В тот вечер я стоял рядом с отцом, сжимая в руке какие-то инструменты, – не помню, что именно мне разрешалось делать. На операционном столе лежал мужчина среднего возраста, механик, отец троих детей. Он был в сознании и разговаривал с хирургом, в то время как его живот был вскрыт и видны были петли кишечника. Отец оперировал, то и дело добавляя инъекции новокаина во все более глубокие участки кишечника, где располагаются нервные окончания.
Мой отец был великолепным хирургом, одним из любимых учеников и ассистентов знаменитого А.А. Вишневского, сына и последователя А.В. Вишневского, родоначальника метода глубокой местной анестезии при полостных операциях (так называемое обезболивание по методу «ползучего инфильтрата»). Будучи одним из его постоянных ассистентов, мой отец в совершенстве овладел этим методом и использовал его даже при таких серьезных операциях, как удаление легкого или мастэктомия, которые он умел производить без общего наркоза, только с предварительной инъекцией.
Все это очень впечатляло и выглядело героически, но я выбрал другое направление.
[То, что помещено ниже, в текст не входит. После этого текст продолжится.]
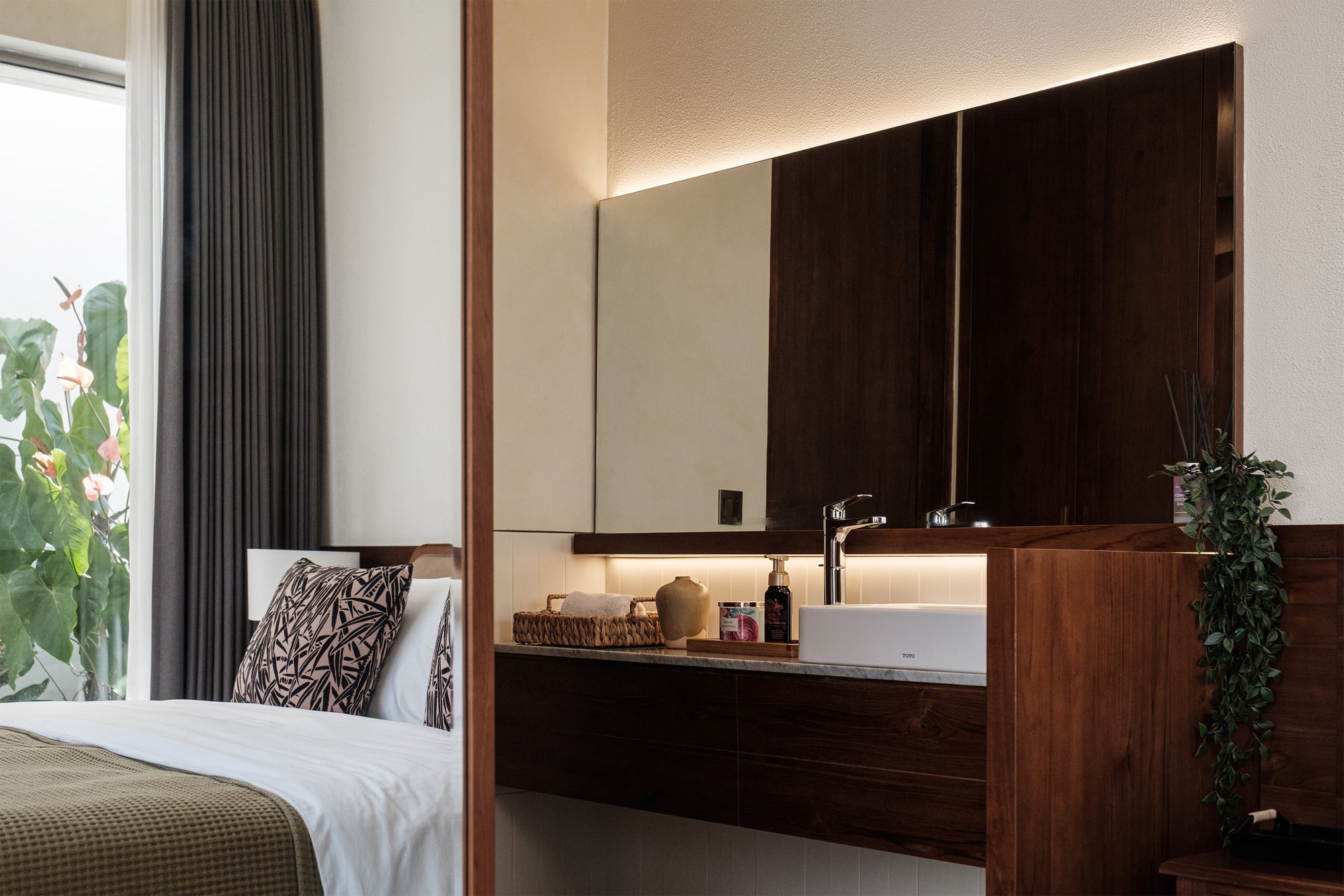 Góc phòng ngủ kết hợp khu vệ sinh với vật liệu gỗ tối màu và ánh sáng gián tiếp. Thiết kế tạo cảm giác ấm cúng, yên tĩnh cho không gian nghỉ ngơi
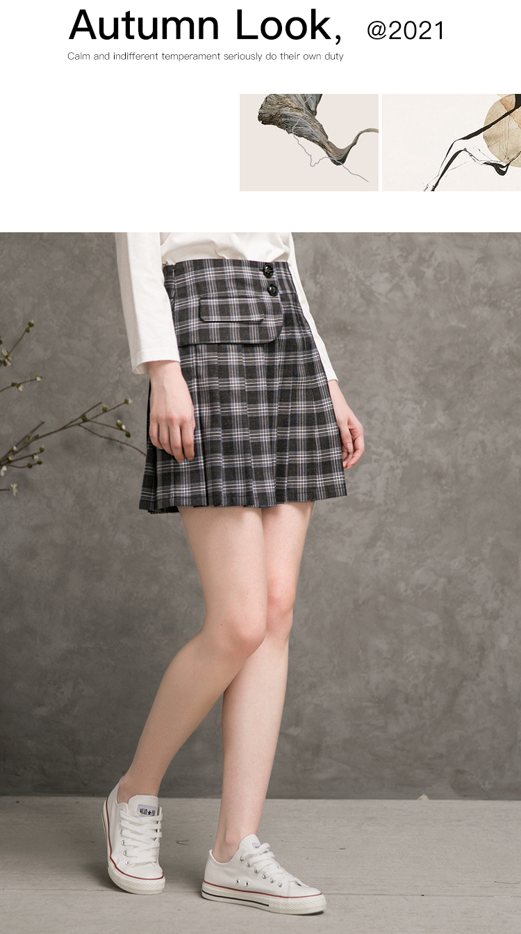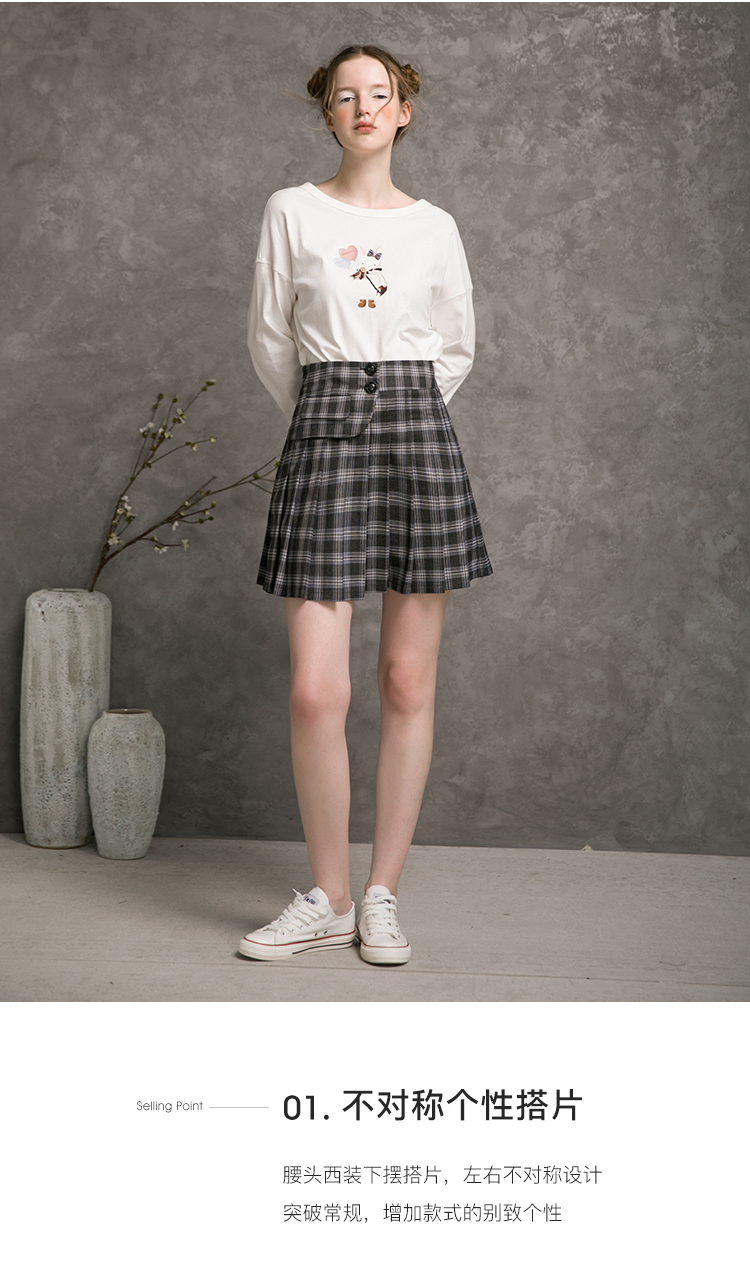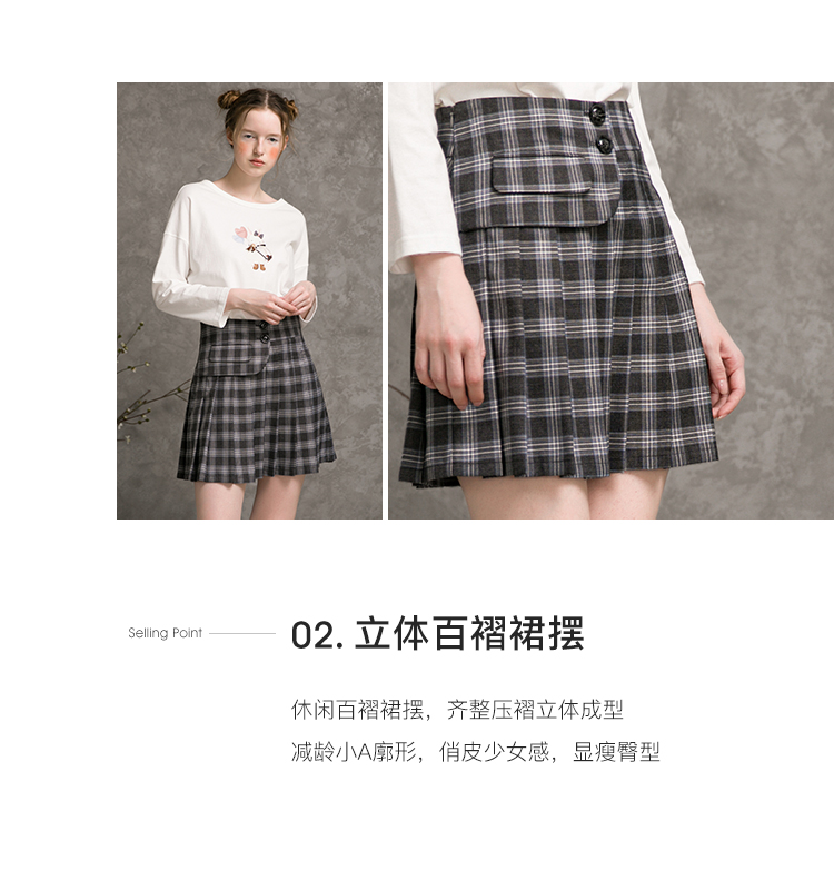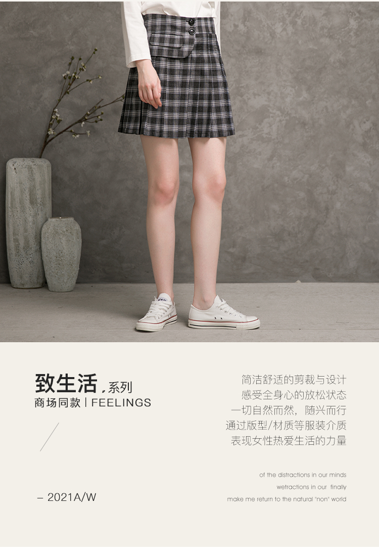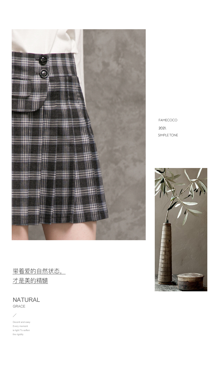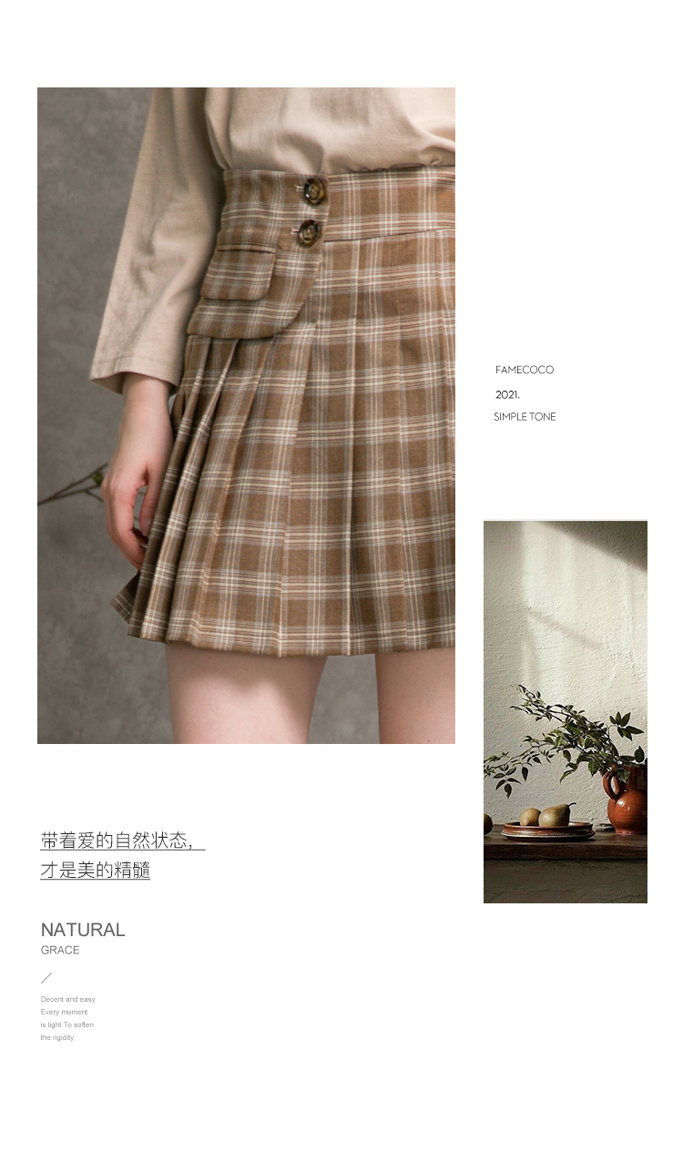 famecoco范可儿a字短裙女秋遮胯格子半身百褶裙F216HA012

Я рассматривал возможность стать хирургом, следуя совету моего отца и ассистируя ему среди ночи, однако в хирургии мне не нравилась ее кропотливая сторона, когда часами приходится что-то держать, вязать узлы, не сдвигаясь с места… Медицина сродни искусству. Замечательный пианист не может одновременно быть хорошим художником. Любая медицинская специализация требует определенного склада личности, и развитие характера врача происходит по мере развития его как специалиста. Хирург, который недостаточно решителен, – плохой хирург. Акушер, который любит ложиться в определенный час и спокойно спать до утра, не может достичь успеха в своей профессии.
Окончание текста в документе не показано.